Fr Matthew Reese
And when they could not get near him because of the crowd, they removed the roof above him; and when they had made an opening, they let down the pallet on which the paralytic lay. And when Jesus saw their faith, he said to the paralytic, “My son, your sins are forgiven.”
—Mark 2:4-5
Dear Friends in Christ,
Today’s Gospel lesson (Mark 2:1-12) is one of my favorites of Jesus’s healing miracles, though there are many such stories in the Gospels. I think of the parallels to the healing of another invalid at the pool of Siloam in John 5:1–15 or of a man born blind in John 9:1-11. But this passage in Mark is certainly one of the most dramatic.
So desperate are this man’s friends and family, that rather than contend with the press of the crowd, they haul his stretcher around another way… perhaps through a narrow and winding alley, up a courtyard wall, and onto the roof, where they start removing thatch and palms, and wooden underlayment.
Can you imagine Jesus and the disciples looking up as hay started to fall on their heads and shafts of light started pouring into the room?
When the man is finally lowered into their midst, however, Jesus attends not to his body, but rather to his soul. “My son, your sins are forgiven.” It is only after the questioning of the scribes that Jesus commands this man to “rise, take up [his] pallet, and go home,” proving a physical healing that was almost ancillary to the spiritual one.
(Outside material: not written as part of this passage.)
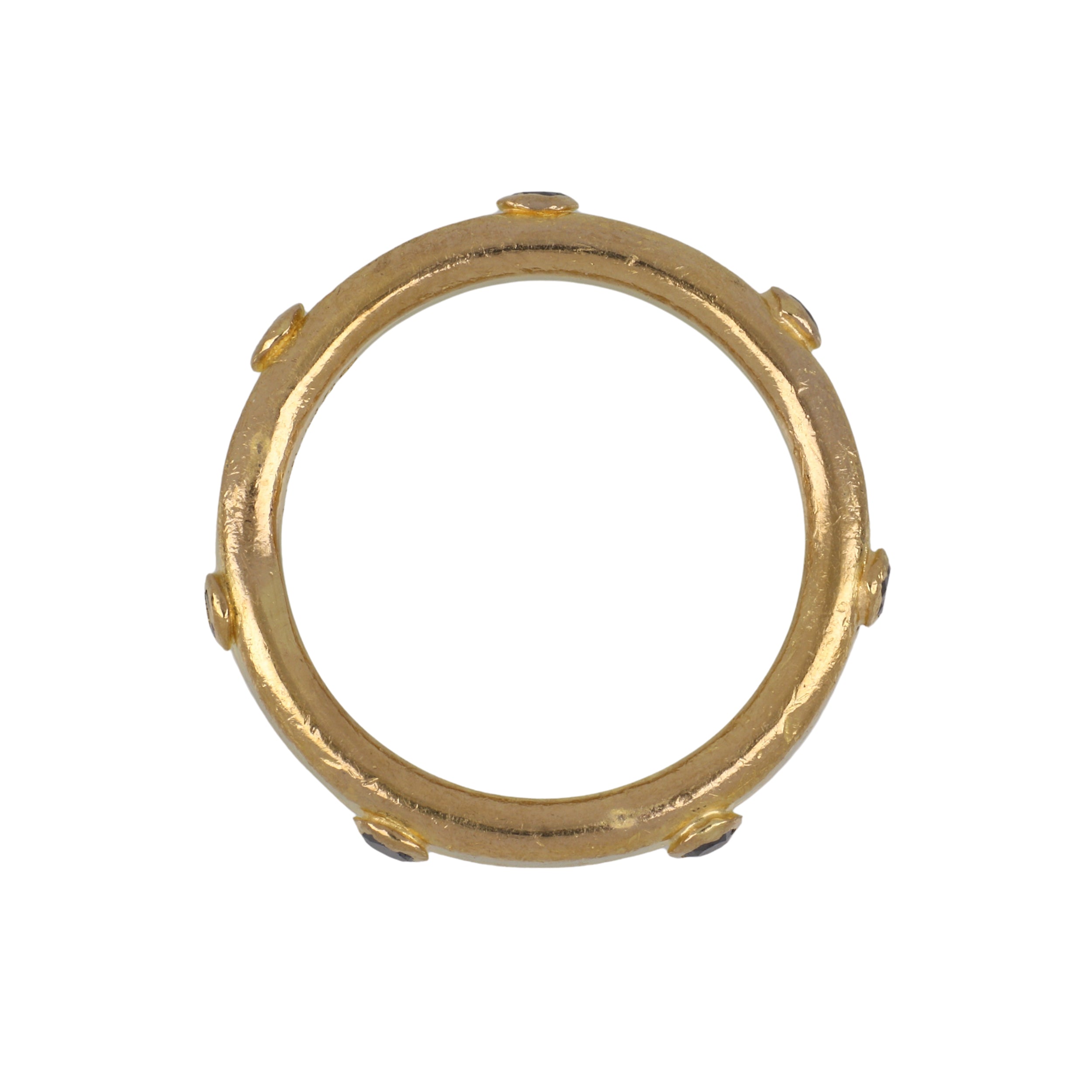 An estate Gurhan black round-cut diamond eternity band, set in 24K yellow gold. Circa 2010.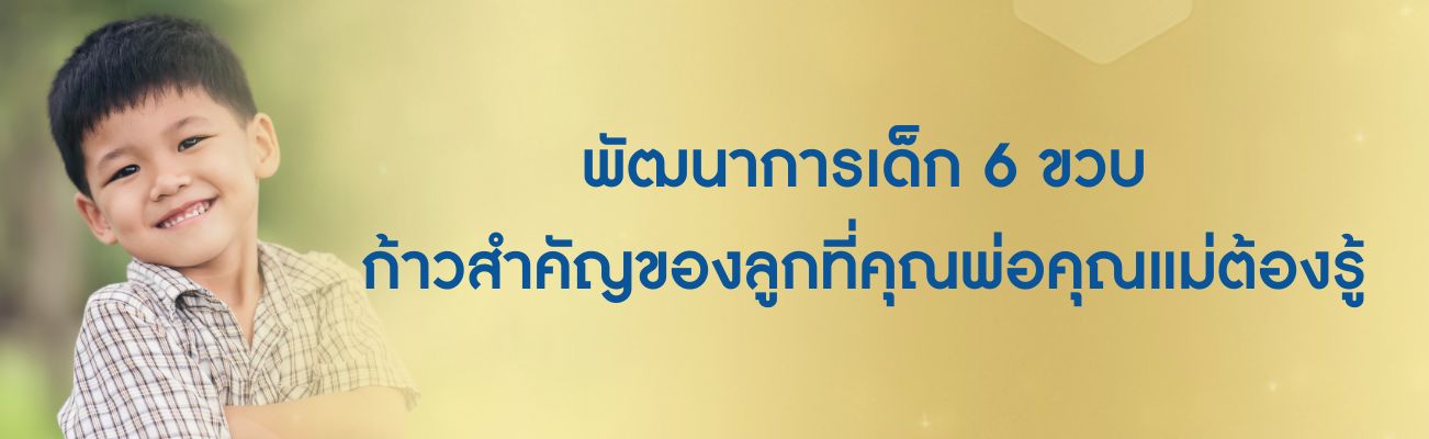 เด็ก 6 ขวบ พัฒนาการทางร่างกายและสมองก้าวหน้าอย่างมาก สามารถสื่อสาร คิดวิเคราะห์ และมีความรับผิดชอบมากขึ้น เริ่มเข้าใจมิตรภาพ และอยากเรียนรู้สิ่งรอบตัวด้วยตนเอง

As in the moments where Jesus asks the people before him “do you want to be healed?” (John 5:6), this scene reminds us that God’s healing does not always come to us in exactly the manner, or order, that we expect.
We might pray for one thing in our lives, but find God pouring out his grace in another, unexpected way.
But there is another lesson to this scene, namely that our pursuit of God may sometimes require us to break convention, to go another way from the crowd, to climb on the roof, haul off the thatch and let the light pour in.